In my next story the planet featured most prominently will be an ocean planet but for a few islands, one of which is the residence of leading girl Anastasia, and is also a hub for migrating and breeding local alien life that resembles the earlier flying dinosaurs as well as modern-day birds. Big creatures, comparable to a man, that can talk like modern talking birds and have wings with fully-functional forelimbs and mouths with fully-functional teeth, not to mention brilliantly-colored and whimsical feathers, will appear and will be tamed by Anastasia. I’m also considering a species resembling a giant owl, but perhaps a bit more dinosaur-like, to also be native to the place and tamed by the leading girl.

Nanny Dinosaur?

These creatures will serve not only as pets for Anastasia but also as helpers for raising her ten children; yes, she’s going to have dinosaur nannies. Them being sub-sapient and just imitating her speech would be cute, but it might be better to make them sapient so they can be better nannies. This, however, means that primitives would be inducted as domestic servants as soon as the fair blonde-haired blue-eyed girl comes from afar, which gives off a more colonialist vibe than I wanted, and isn’t entirely consistent with the hermetic-individualist nature of her culture anyway.

No, I think they’ll be pets, and while the idea of employing animals as babysitters might seem weird there are so-called “nanny dog” breeds; admittedly it’s more of a stretch to induct wild animals, even tamed ones, into such a role, but with robots to supervise and assist the children as well as some improvement in training techniques and much better identification of good temperament in the animals it’s really not that weird.

Say No to Shrink-Wrapping!

As I said earlier all these beasts will have abundant, vivid, and whimsical feathers on them, and plenty of fat and soft tissue. “Shrink-wrapping”, the late-20th-century trend to depict prehistoric creatures as nothing more than skin and bones, is atrocious and those who depict archosaurs should emphasize the soft-tissue structures that get lost in the shuttle of fossilization. You’d never know that small birds were puffy fuzzballs or that elephants had trunks from their skeletons. We should use our imaginations some.

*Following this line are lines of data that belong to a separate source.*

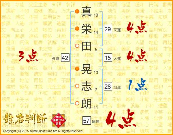 真(10画)栄(14画)田(5画) 晃(10画)志(7画)朗(11画)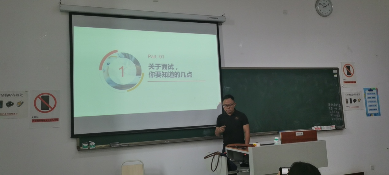 熊禹老师从用人单位的角度为大家讲解了简历中HR的关注点、面试技巧、面试注意事项,他以浅显易懂的方式给学生讲述了实用的面试技巧,并将其多年在工作和面试过程中总结积累的经验和智慧毫无保留地进行了分享。邓晓红同学说:“熊老师提出在不平等的竞争条件下如何去调整自己让我受益匪浅。”阿合尔史同学说:“老师分层讲解,语言风趣幽默,让人对未来更加自信,让人热血澎湃。”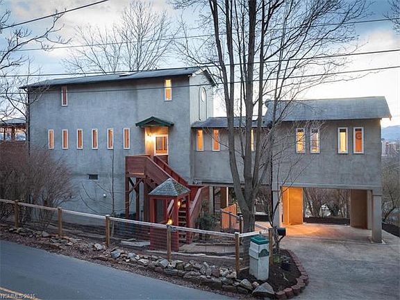 Magnificent Long Range Views from every room! Much more than a condo has to offer! Walk to Downtown Asheville from this 2/2 home. This thoughtfully designed home offers a bright, open flrplan, great for entertaining. Features incl. 2 master suites, LRG covered wrap deck, private balcony off 2nd level, LRG kitchen w/island, built-ins, carport, 450sqft light unfin. lower level w/ for storage/room to expand, fenced yard. One of a kind home w/ custom details & views that will take your breath away.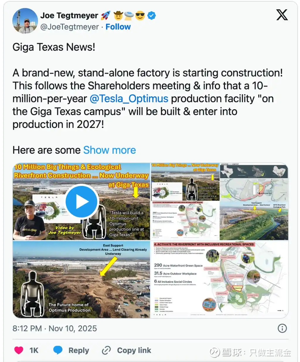 11月11日,据特斯拉垂直媒体Teslarati报道,特斯拉计划对其得克萨斯州超级工厂进行新一轮扩建,拟新建专用于Optimus人形机器人的生产基地。该生产基地规划年产能达1000万台,预计于2027年投产。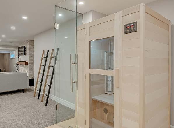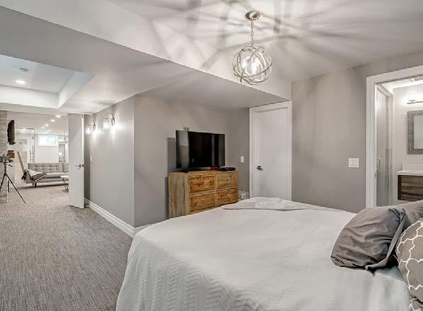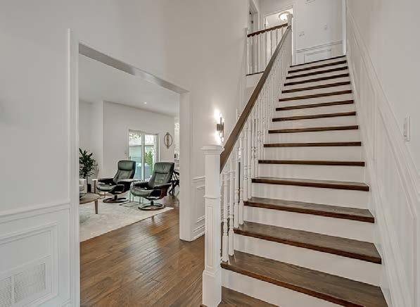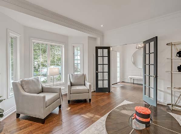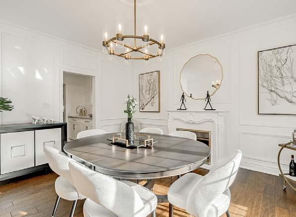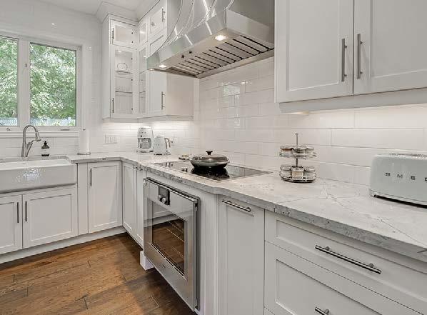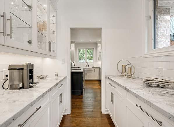 The gourmet chef’s kitchen is a masterpiece complete with a centre island, walk-in pantry, and topof-the-line appliances. It connects through the butler’s cove to the formal dining room providing an inviting setting with French doors and elegant electric fireplace.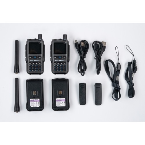 Рація - 2 шт Зарядний кабель USB Type C - 2 шт Антена - 2 шт Акумулятор - 2 шт Кліпса для кріплення на ремінь - 2 шт Шнурок на руку - 2 шт Інструкція (англ) - 1 шт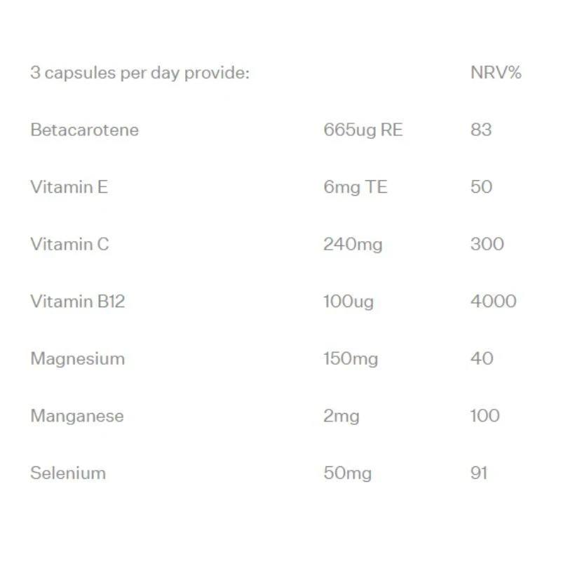 A premium quality, antioxidant “booster” formulation, specially designed as a combination product for use alongside Vitafem or any other good quality multivitamin and mineral supplement.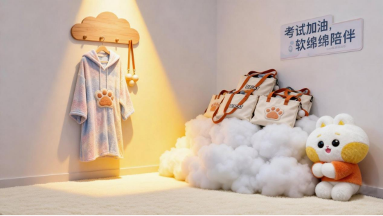 季节限定单品更实现全时段治愈加码:考试季 “逢考必过” 连帽浴巾搭配带猫爪硅胶球的减压帆布袋,为学子传递好运;户外场景 UPF50 + 云朵速干防晒衬衫搭配猫耳渔夫帽,收纳袋设计成猫形挂饰;出行场景的亲子羽绒披毯,展开为披风、折叠变抱枕,适配各类出行需求。质感上,系列选用低饱和暖色系缓解焦虑,采用 GRS 认证再生聚酯与有机棉等环保面料,搭配磁吸扣提升舒适度,更暗藏情绪文案、NFC 暖声徽章等 “治愈编码”,让治愈融入细节。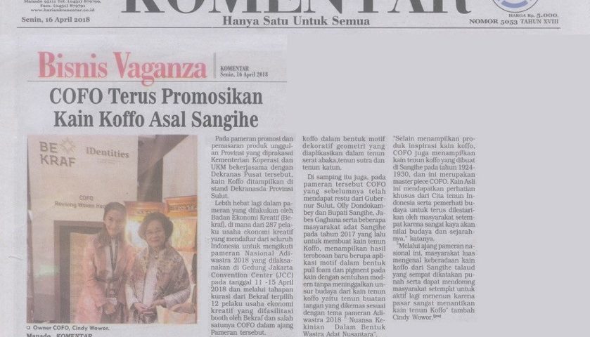 COFO sebagai produk yang telah terkurasi oleh Badan Ekonomi Kreatif berhasil mendapatkan restu dari Gubernur Sulawesi Utara, Olly Dondokambey dan Bupati Sangihe, Jabes Gaghana, dalam misinya untuk menghidupkan kembali kain tenun tradisional Koffo yang sempat hampir punah dan mendorong masyarakat setempat asalnya, Sangihe Talaud, untuk kembali aktif menenun dan menghasilkan kain Koffo.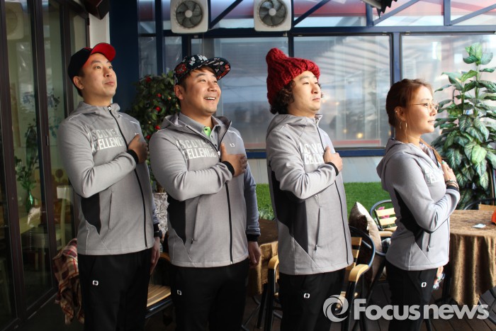 한편, 독도사랑운동본부는 오는 2월22일 국회헌정기념관에서 제3회 독도골든벨을 진행한다.왼쪽부터 독도홍보대사인 개그맨 정진욱, 이재형, 한현민과 가수 신비가 협찬의상을 입고 가슴에 손을 얹고 있다. <사진제공=독도사랑운동본부> 2016.1.27. 김현이 인턴기자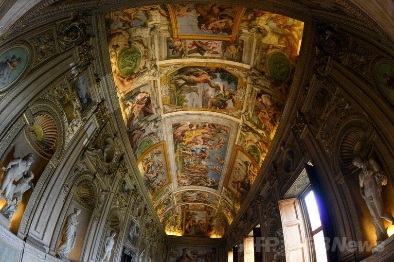【2月28日 AFP】盛期ルネサンス(Hgh Renaissance)の最重要建築の一つ、イタリア・ローマ(Rome)のファルネーゼ宮(Farnese Palace)。その一室、天井装飾画のある「ガレリア・ファルネーゼ(Galleria Farnese)」が、3月から1年かけて修復される。ファルネーゼ宮は現在、フランス大使館として使われている。(c)AFP

Last but not least, let’s keep in mind that archosaurs don’t just include dinosaurs and birds. Pterosaurs are also archosaurs, as are crocodilians, the latter of which has a much more stereotypically reptilian appearance. In the marine realm, plesiosaurs are an entirely separate reptilian lineage from the archosaurs, and the mosasaurs are squamates, the same lineage that produced lizards and snakes.

Huge Alien Snakes? Ooh…

Speaking of snakes, lately I’ve become quite interested in their means of locomotion, how an alien world that was dominated by slithering creatures, in particular ones that were huge, with at least one variety being sapient, might be very interesting; it’s been suggested that such creatures might become dominant on worlds with very high gravities, though the most plausible scenario might be a bit more random than “high gravity=snake world”.

I considered introducing giant alien talking snakes into my leading girl’s lifestyle, but that would make the atmosphere much creepier than I wanted. Perhaps I’ll include a creepy snake girl in a different story.

Conclusion

Anyway, I guess this post was a bit of a rambling, but I wanted to share my thoughts on this topic while they were still fresh in my mind and I was enthusiastic about them, and that is sort of the point of a blog, isn’t it? I guess an increased willingness to write and publish such posts is why my rate of posting has become so torrid recently, but I think my readers are enjoying seeing the more “raw” output as much as I am enjoying writing it, so it’s all good!

If you found any of this interesting I encourage you to surf the Web and do a deep dive on the dinosaurs and other ancient reptilians; it’ll be worth it, believe me.